Seasonal influenza epidemics are the result of viral antigenic drift, which is why the influenza vaccine is changed on a yearly basis. Antigenic drift forms the foundation of the recommendation for annual influenza vaccination.
The acquisition of a new hemagglutinin and/or neuraminidase by the influenza virus is called antigenic shift, which results in a novel influenza virus that has the potential to cause a pandemic.
The primary route of influenza transmission is person-to-person via inhalation of respiratory droplets, and transmission can occur for as long as the infected person is shedding virus from the respiratory tract.
Clinical diagnosis of influenza is difficult. Classic signs and symptoms include abrupt onset of fever, muscle pain, headache, malaise, nonproductive cough, sore throat, and rhinitis. These signs and symptoms usually resolve within 1 week of presentation.

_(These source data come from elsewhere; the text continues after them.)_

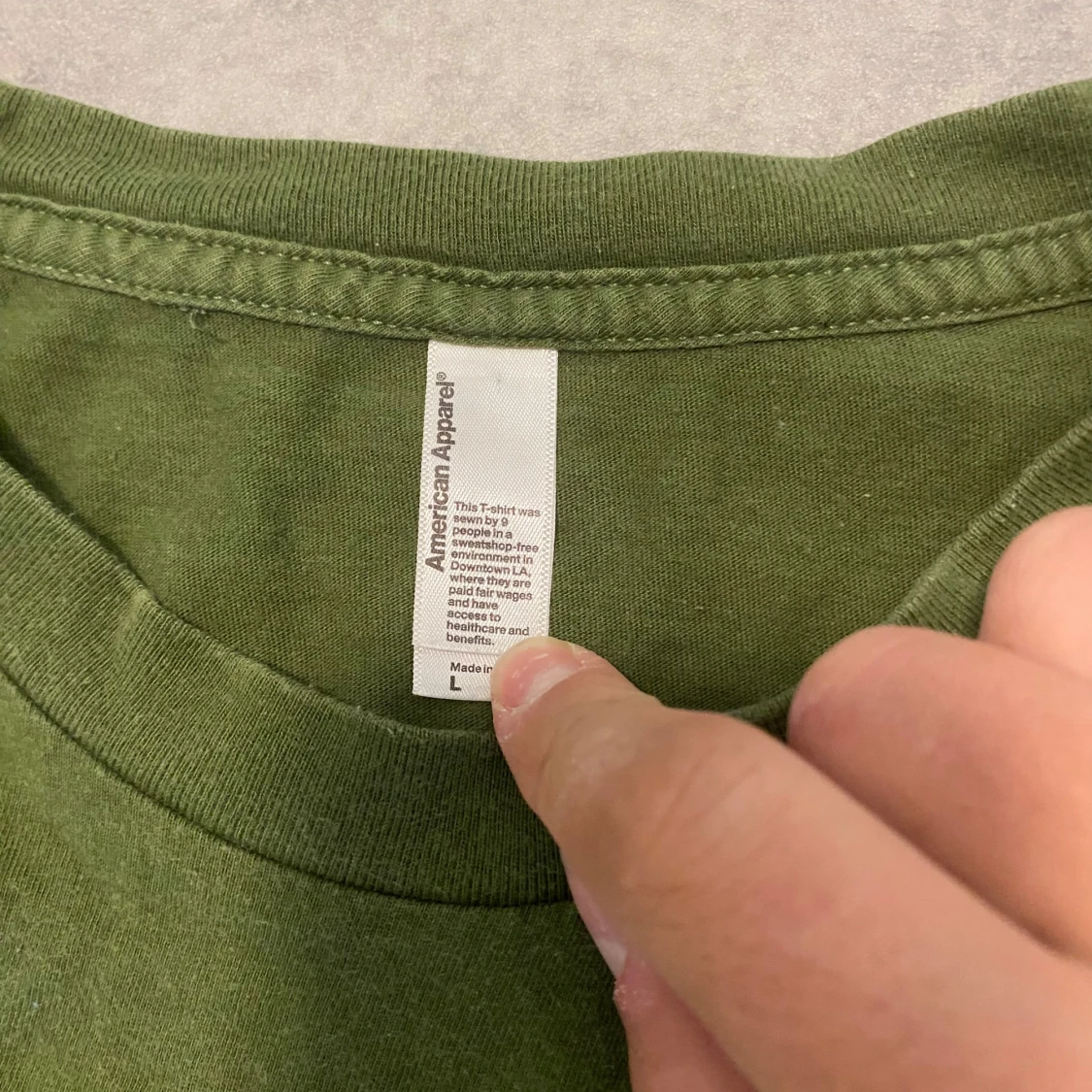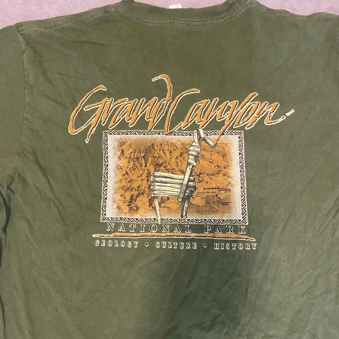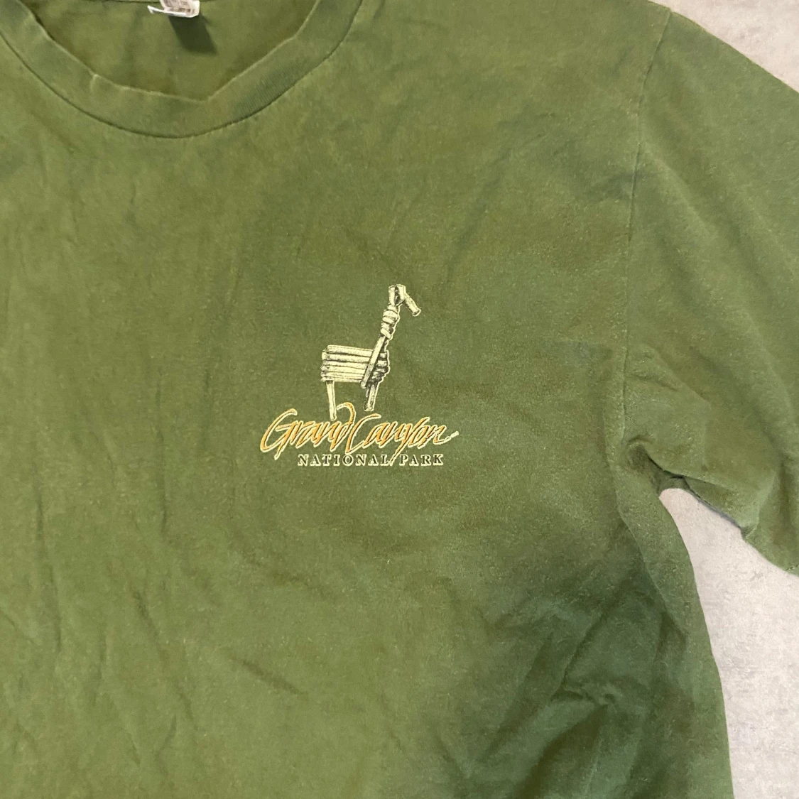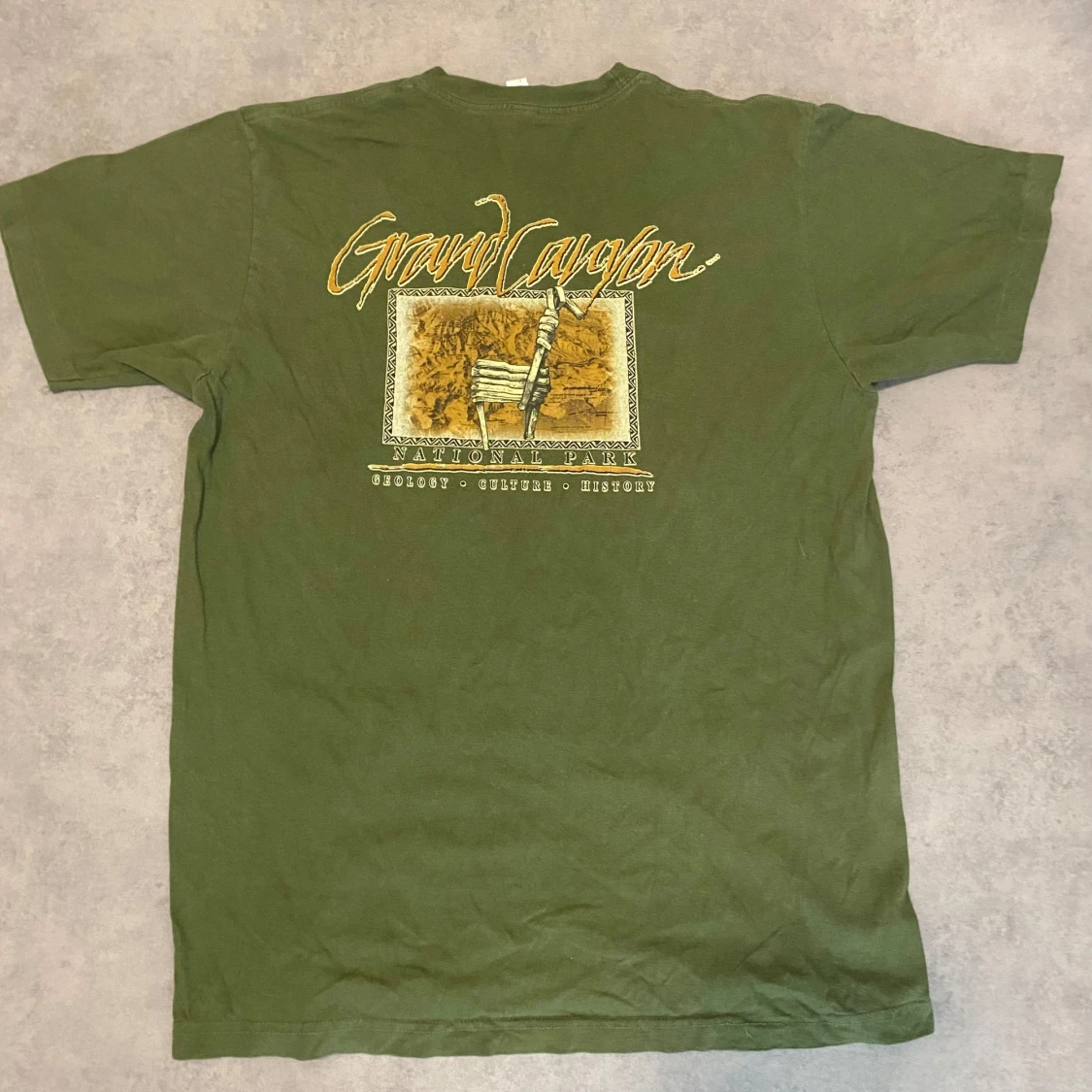 Snygg grön t-shirt från American Apparel med Grand Canyon National Park-tryck fram och bak. Klassisk passform, rund hals och korta ärmar. Tillverkad i mjuk bomull, perfekt för dig som gillar naturvibbar och coola tryck. Kolla gärna in profilen för liknande produkter och skriv vid minsta lilla fråga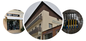 Ski og støvler kan lejes i en af de mange udlejningsforretninger, der ligger i nærheden af hotellet.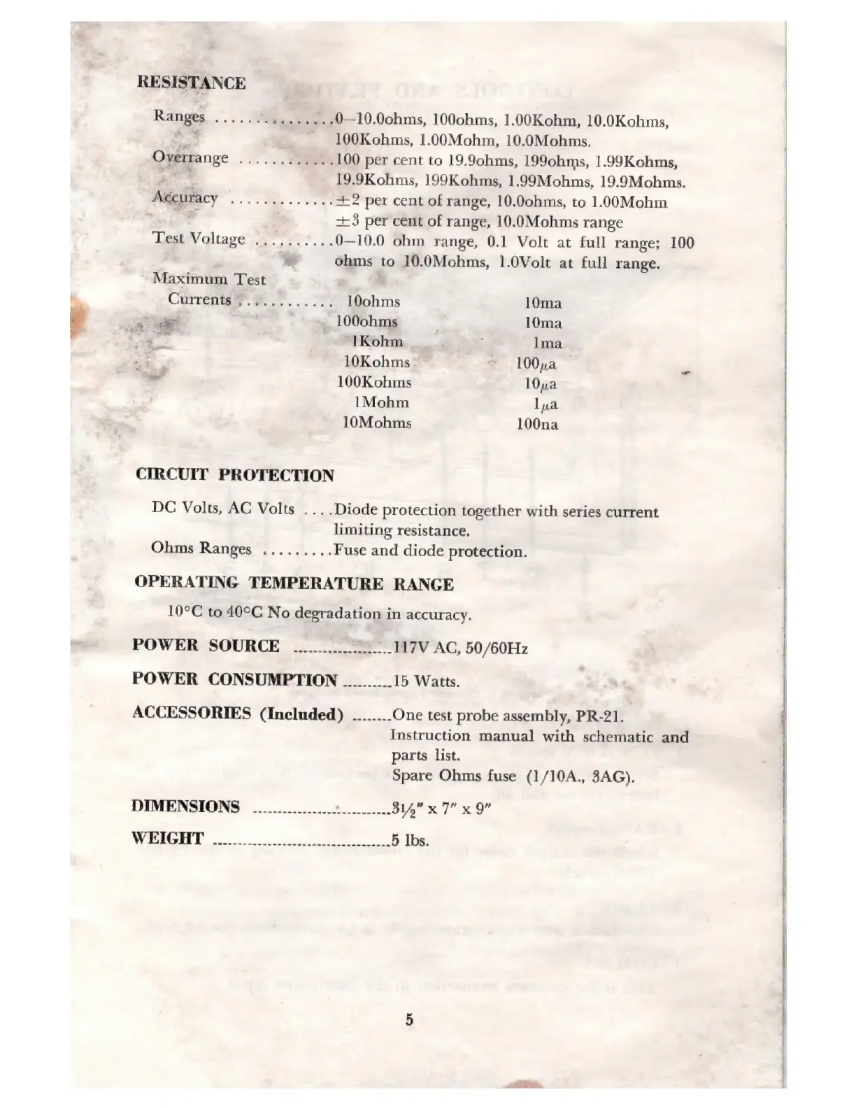 B&K 281 - Resistance Measurement Specs; Circuit Protection Details; Operational Temperature Limits; Power Source Information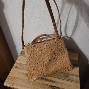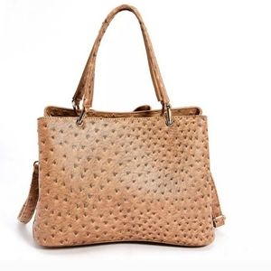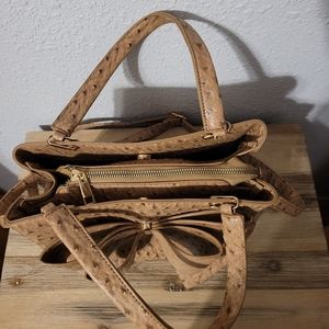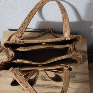 Ostrich Bow Faux Leather 3 Compartment Satchel - Camel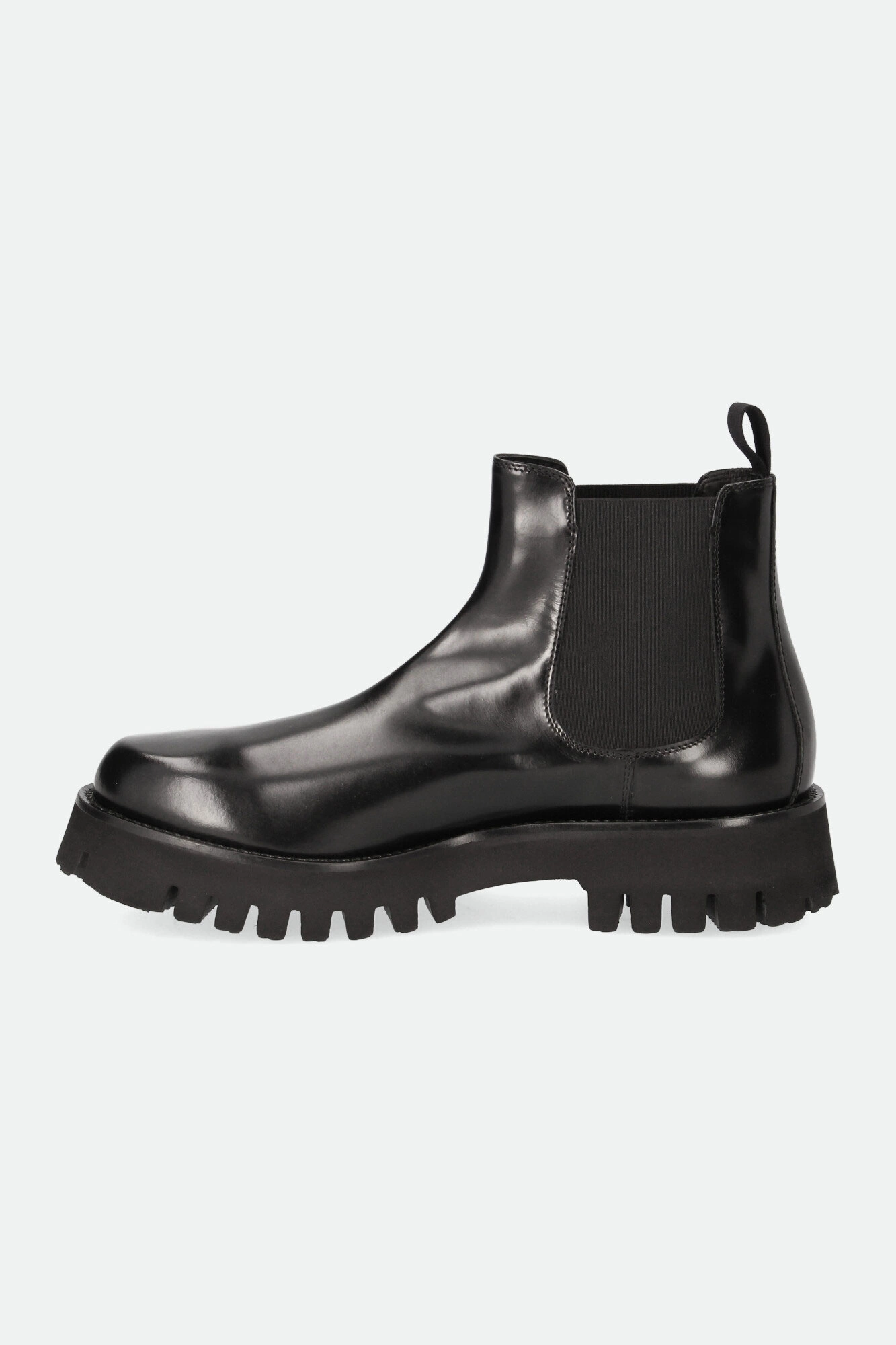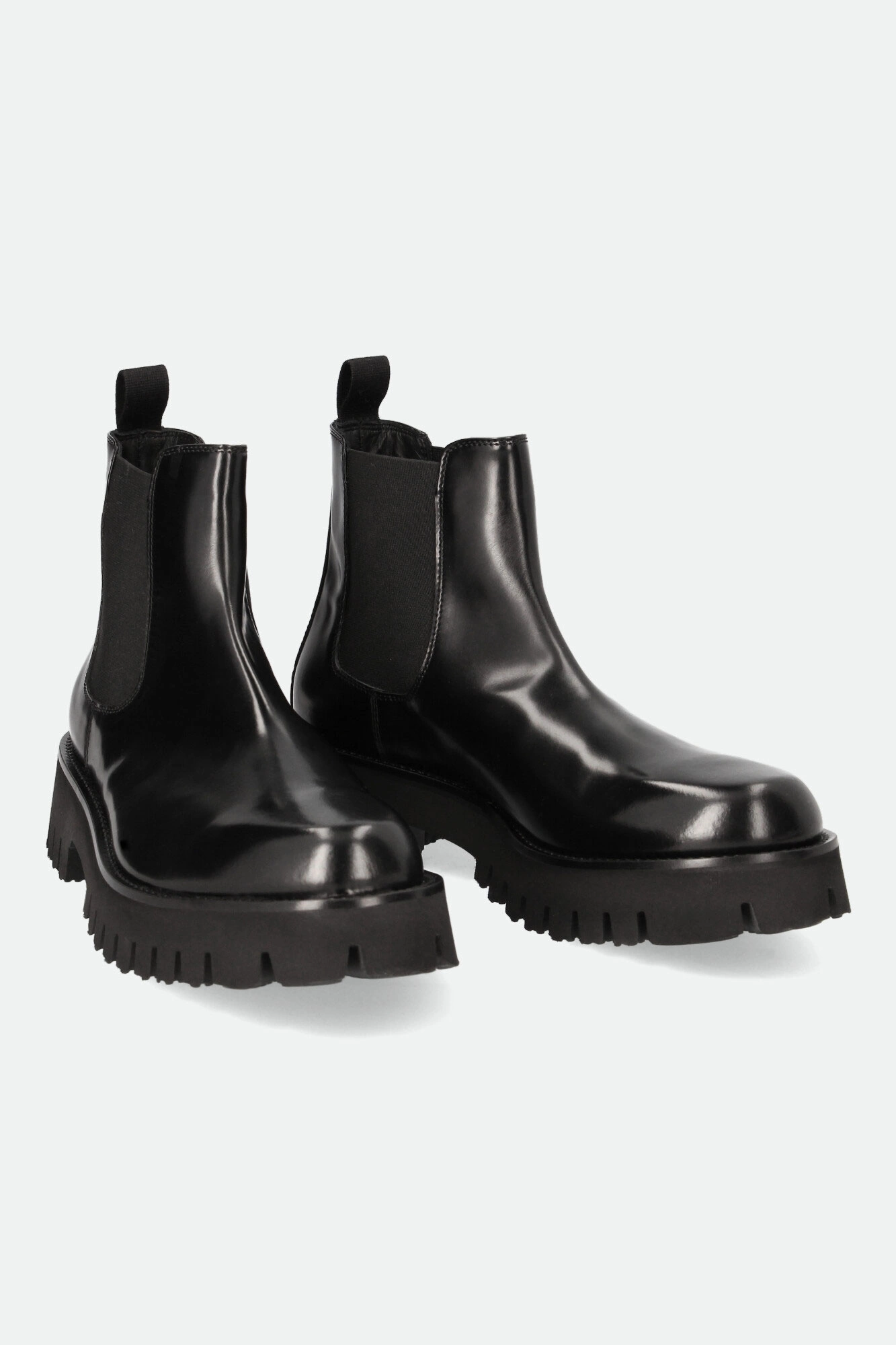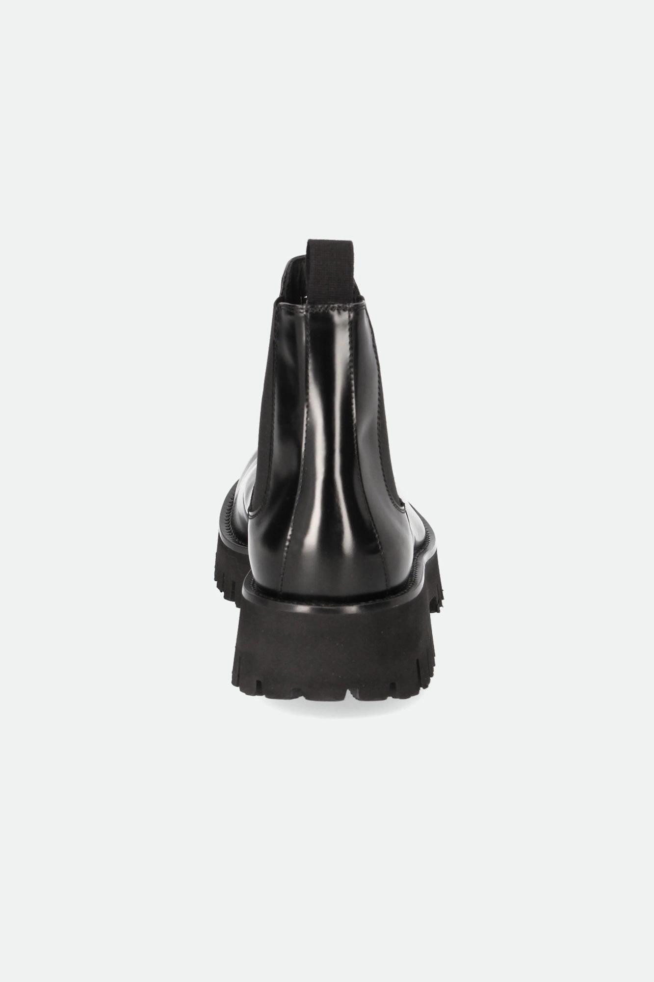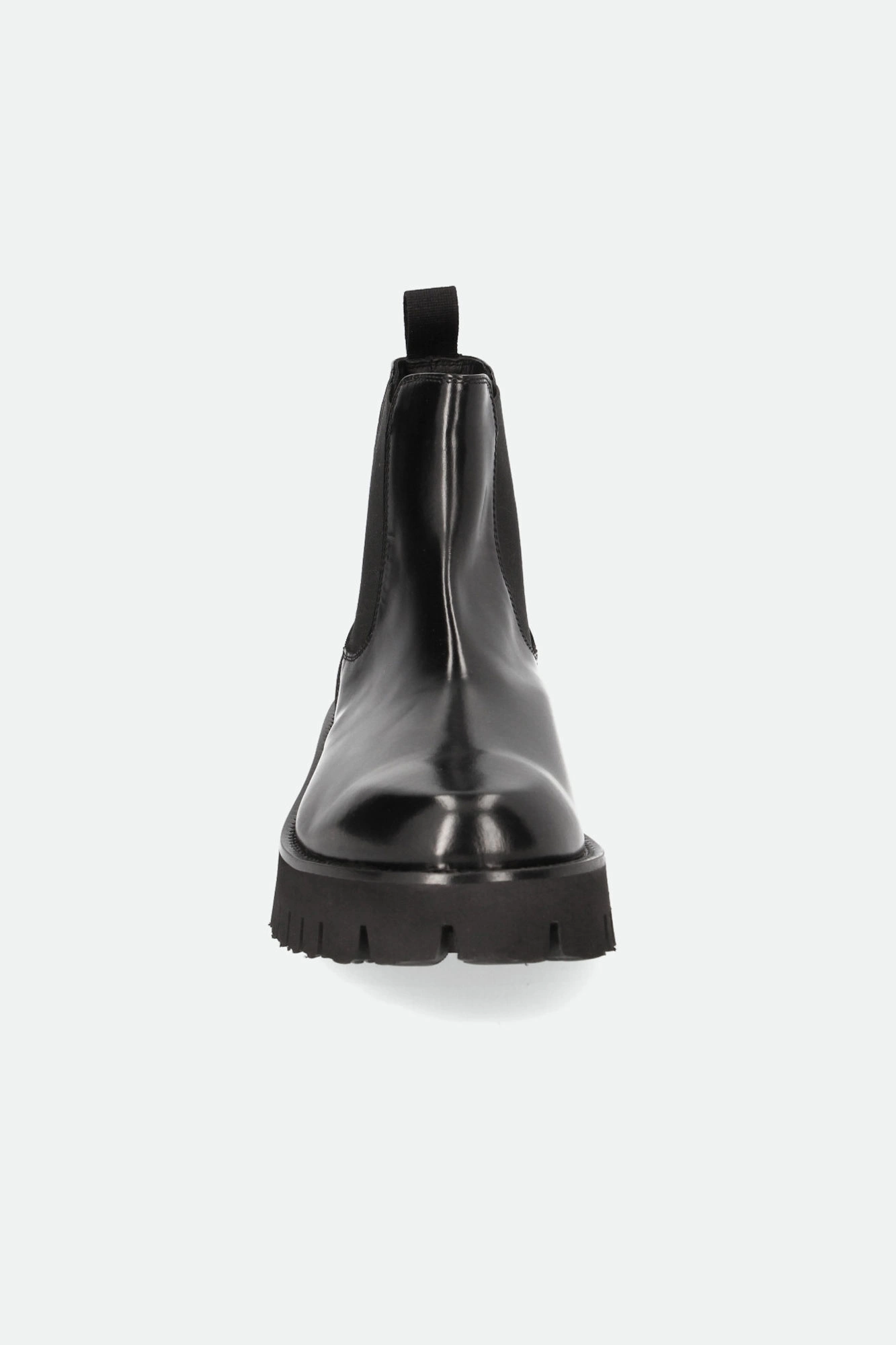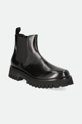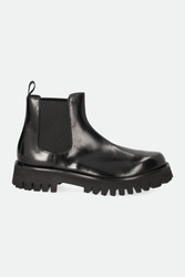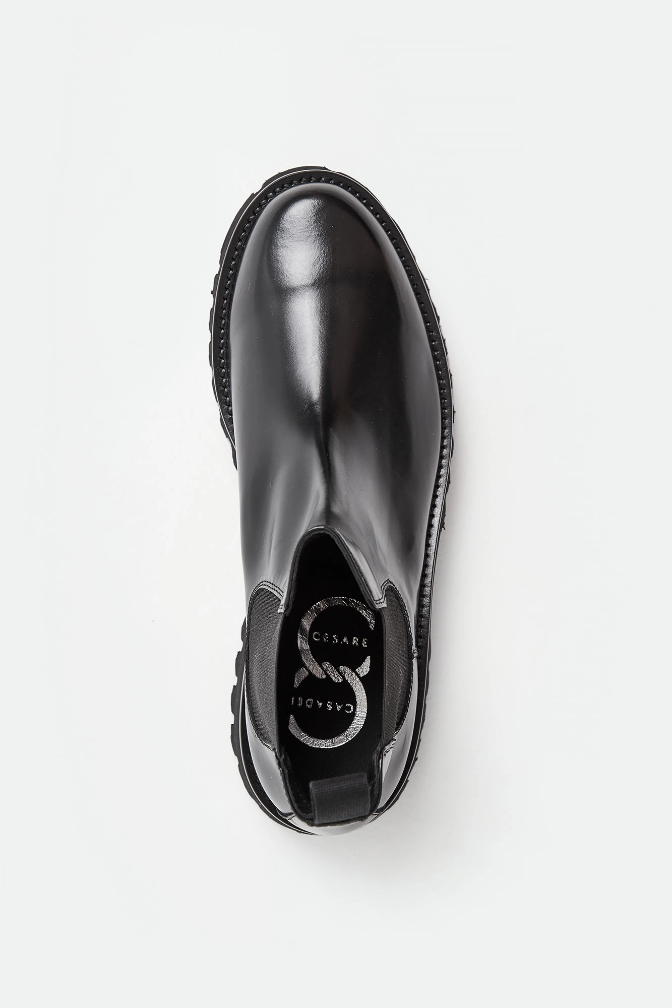 Sztyblety marki Cesare Casadei w kolorze czarnym. Wykonane ze skóry naturalnej. Cała powierzchnia gładka i połyskująca. Po obu stronach duże gumki ułatwiające wkładanie buta. Długość do kostki. Całości dopełnia gruba podeszwa o wysokości 3,5 cm. W komplecie worek przeciwkurzowy.

In the United States, the primary mechanism of influenza prevention is annual vaccination. Vaccination not only prevents influenza illness and influenza-related hospitalizations and deaths but may also decrease healthcare resource use and the overall cost to society.
The inactivated influenza vaccine (IIV) and the live-attenuated influenza vaccine (LAIV) are commercially available for prevention of seasonal influenza. Both vaccines contain influenza A subtypes H3N2 and H1N1, and influenza B virus, which are initially grown in hens’ eggs.
Antiviral drugs for prophylaxis of influenza should be considered adjuncts to vaccine and are not replacements for annual vaccination.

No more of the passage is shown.